Mosaics from Pesti Vigadó's History
From the very beginning of its existence, mankind has been looking at the sky in awe and wonder and has been longing for the freedom enjoyed by winged creatures. This ages-old daydreaming became a reality in the 1700s, when the first hot-air balloons rose into the air. Later, at the beginning of the 20th century, it was already an increasing number of aeroplanes that conquered the endless-looking skies. Soon after this, contemporary developers of vehicles of air transportation, which were then capable of flying shorter distances above dry lands, found newer and newer challenges to overcome. As those wishing to conquer the skies came from either France or England, the English Channel situated between the two countries served as a distance to be defeated by both nations.
The French Louis Blériot was no exception: on 13th July 1909 he flew over the 42-km-long distance between Étampes and Chevilly in his 300 kg Bleriot IX Monoplane of his own design. His successful flight immediately made him celebrated. Trusting the three-cylinder 25-horse-power Anzani engine in his aeroplane, he undertook to fly over a distance of 33 km over the sea, which journey was quite dangerous given the lack of proper navigation equipment and bad visibility conditions. In the early morning of 25th July 1909, in the history of aviation, the first longer-distance flight over the sea took place, which made Blériot world famous.

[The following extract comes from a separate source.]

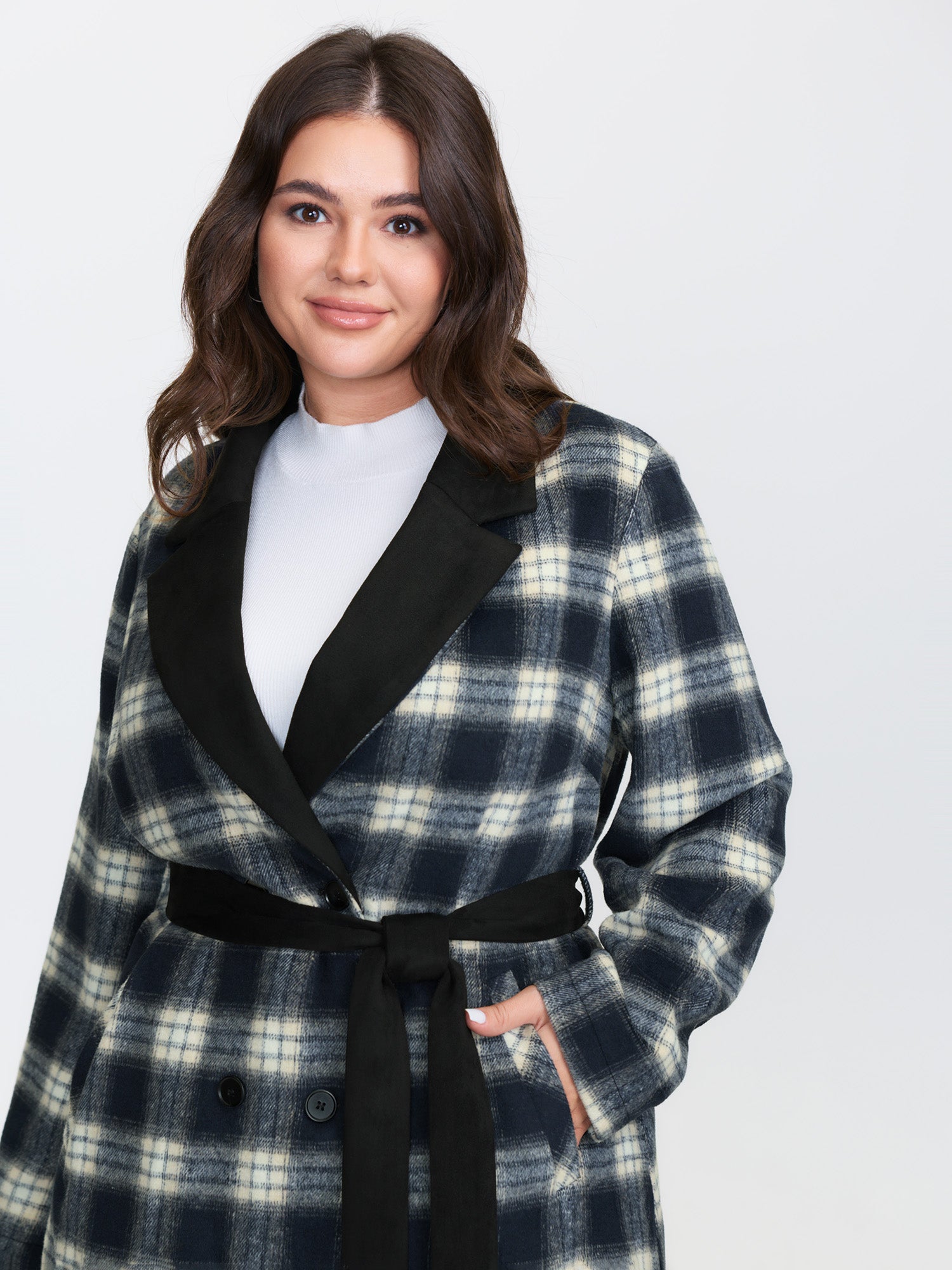 Plaid Belted Waist-Defining Coat
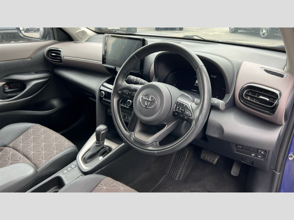 Toyota Yaris Cross 1.5 Hybrid Excel 5dr CVT Blind spot monitoring, Bluetooth connectivity, Driver attention alert system, eCall emergency system, Electric power steering, Front and rear parking sensors with intelligent clearance sonar and automatic braking, Full range intelligent adaptive cruise control, Lane trace assist, Multimedia, audio, telephone and voice recognition switches on steering wheel, My T Connected services, Pre-collision system enhanced with emergency steering assist, Rear cross traffic alert with brake assist, Reversing camera, Road sign assist - RSA, Vehicle Stability Control (VSC), 6 speakers, DAB Digital radio, USB connection, 3rd brake light, Acoustic windscreen glass, Aluminium roof rails, Auto high beam [AHB] with on/off switch, Auto windscreen wipers, Automatic headlights, Automatically retractable door mirrors, Black Shark-fin antenna, Body colour door handles, Body colour rear bumper, Dark chrome plated insert on upper front grille, Electric adjustable heated door mirrors, Electrochromatic auto dimming rear view mirror, Follow me home headlights, Front and rear electric windows with auto up/down function, Front auto power windows with anti jam protection, Gloss black upper front grille, Kick activated power back door, LED daytime running lights guide, LED front fog lights, LED front light guide, LED projector headlights, LED rear light guide, Privacy glass, Rain sensor, Rear auto power windows with anti jam protection, Rear LED lights with sequential indicators, Rear side wing doors, Rear wiper, 12v power outlet - front, 12V power point in boot, 2x Rear coat hooks, 3 seat bench in 2nd row, 3 spoke leather steering wheel, 40:20:40 split folding rear bench seat, Centre console in light blue ambent lighting, Driver and passenger seatback pockets, Dual zone automatic air conditioning, Fabric seat with synthetic leather upholstery, Footwell in light blue ambient lighting, Front console box, Front cup holders, Front head restraints, Glovebox, Grey roof lining, Heated driver and passenger seats, Heated steering wheel, Height adjustable driver's seat, Height adjustable front passenger seat, Hooks for luggage holding belts, Leather gearshift, Light blue ambient lighting on front doors, Light on driver and front passenger sun visor, Manual telescopic and tilting steering wheel, Mirror on driver and passenger sun visor, Power adjustable lumbar support on driver seat, Rear cup holders, Rear head restraints, Single front passenger seat, Soft tonneau cover, Storage box under boot floor, Tech pack - Yaris Cross, 3x3 point rear seat belts, ABS+EBD+Brake assist, Driver and passenger central airbags, Driver and passenger front airbags, Driver and passenger side airbags, Electronic parking brake, Emergency brake light system (EBS), Pre-collision system with pedestrian and cyclist detection, Rear door child safety locks, Rear passenger side airbags, Supplemental Restraint System (SRS) 8 airbags: Driver & passenger's airbags, dual side curtain airbags, side impact airbags, front centre airbag, Traction control, Tyre pressure warning system, Keyless smart entry with push button start, Tyre repair kit

Seizing the opportunity, Blériot ventured out on a tour in the same year to introduce his monoplane at as many places as possible, thereby providing contemporary entrepreneurs engaged in conquering the skies with great impetus. At the invitation of the Hungarian Aero Club, he visited Budapest (prior to paying a visit to Vienna) in the autumn of 1909. He introduced his aeroplane in Pesti Vigadó's Great Hall, then in the field of Rákosmező he rose into the air in his aeroplane in front 200 thousand people, which event marked the first successful take-off and flight in Hungary. In turn, his flight prompted Hungarian aviation fans to carry on with their attempts.
But the joint history of Pesti Vigadó and flying did not come to an end in that year! On the basis of contemporary plans, and organised by Pesti Vigadó Nonprofit Ltd. and the Hungarian Vintage Glider Club, a reconstructed version of Blériot's IX Monoplane, capable of flying, was showcased in Pesti Vigadó in 2016 so that flying enthusiasts could again greet and marvel at this aeroplane, which is nothing less that a real milestone in the history of aviation.